*** Records for this task Section Begins ***
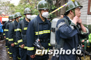 重慶市天原化工總廠門外整裝待發(fā)的消防隊員。十五日晚,該廠發(fā)生氯氣泄漏事故,有十五萬人撤離。作者:鄒輝
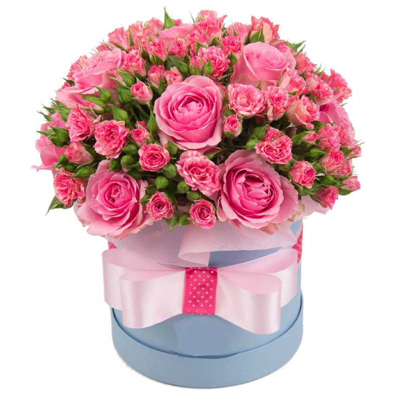Яркие розовые оттенки роз одноголовых и роз кустовых создают атмосферу нежности и романтики. Композиция из розовых роз в шляпной коробке с голубым оттенком, украшенной широкой атласной лентой, станет изысканным акцентом. Идеально подойдёт для романтического вечера на День влюблённых, чтобы порадовать любимую женщину.
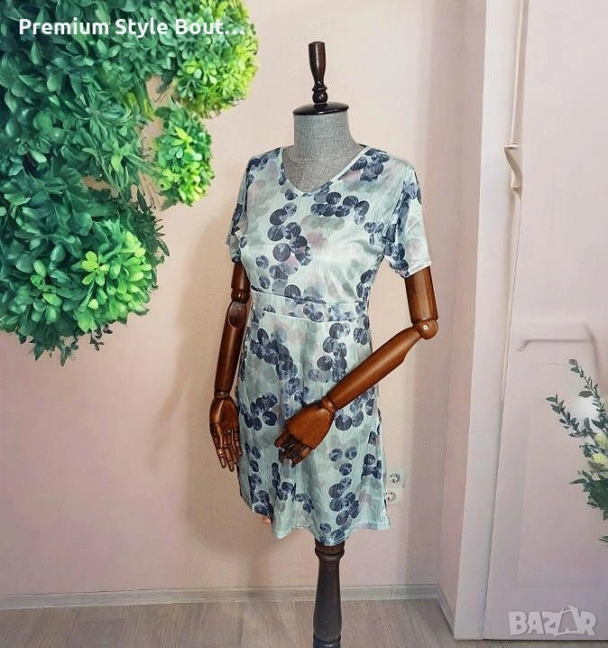 Нежна и ефирна, тази рокля в светлосин цвят с абстрактни тъмносини флорални мотиви е перфектното съчетание на стил и лекота. Изчистеният дизайн с V-образно деколте и деликатно подчертана талия придава женственост и комфорт. Леката материя и свободната кройка правят роклята отличен избор за топлите дни, както за ежедневието, така и за по-специални поводи.
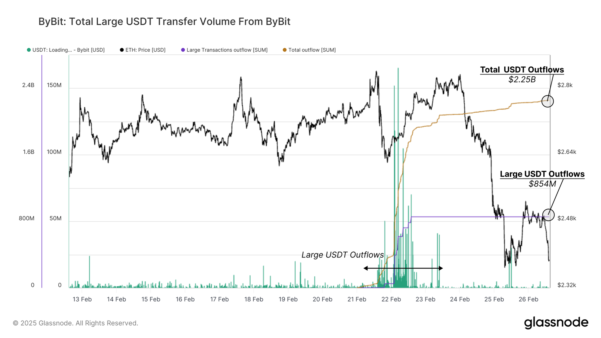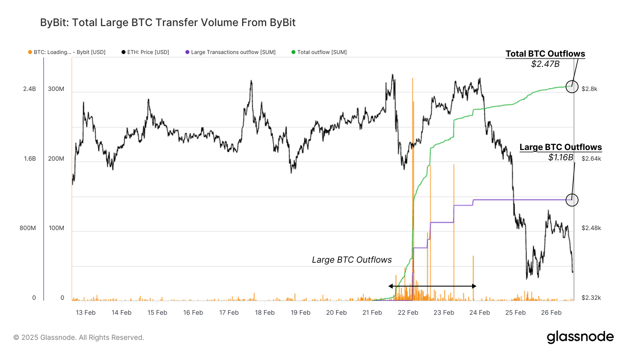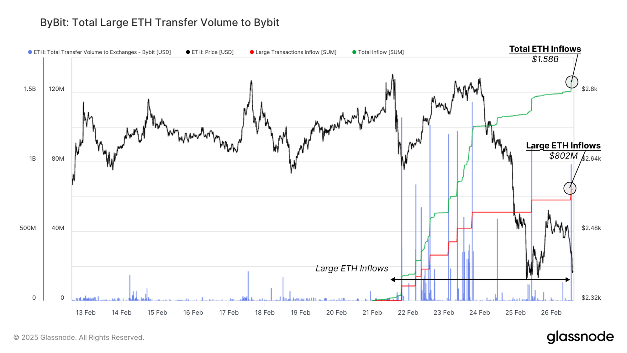 By February 26, 2025, Bybit received a total Ethereum inflow of $1.58B, with $802M (50.7%) originating from just eight large transactions.
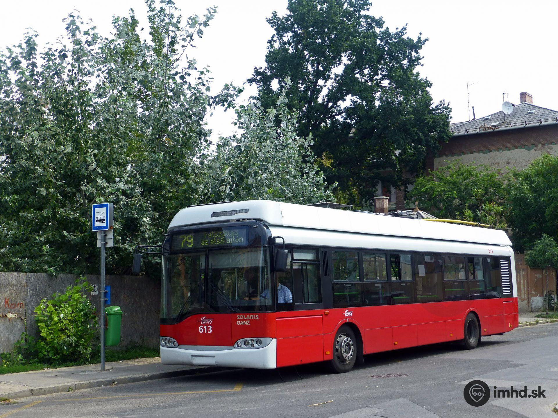 Trolejbus Ganz-Škoda-Solaris Trolino 12B #613 na zastávke Kárpát utca - posledné dve zastávky linky 79 na Révész utca obsluhuje linka iba jednosmerne, v tomto úseku dlhom 750 metrov nie je trolejové vedenie, linku preto obsluhujú duobusy.
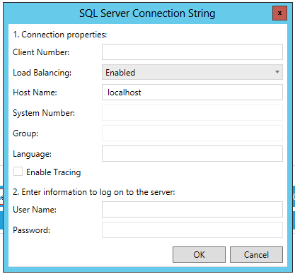 In Connection String, you can click on the Configure Connection link, which will open the Oracle Native Connection String window, similar to the one shown below. Once you have entered the requested info, click OK to return to the connection properties.
*** Records for this task Section Ends ***
Action item:
Please write out exactly the lines from the one containing "Trolejbus Ganz-Škoda-Solaris Trolino" through the last line of the records above, and leave out any pictures.

Worked solution:
 Trolejbus Ganz-Škoda-Solaris Trolino 12B #613 na zastávke Kárpát utca - posledné dve zastávky linky 79 na Révész utca obsluhuje linka iba jednosmerne, v tomto úseku dlhom 750 metrov nie je trolejové vedenie, linku preto obsluhujú duobusy.
 In Connection String, you can click on the Configure Connection link, which will open the Oracle Native Connection String window, similar to the one shown below. Once you have entered the requested info, click OK to return to the connection properties.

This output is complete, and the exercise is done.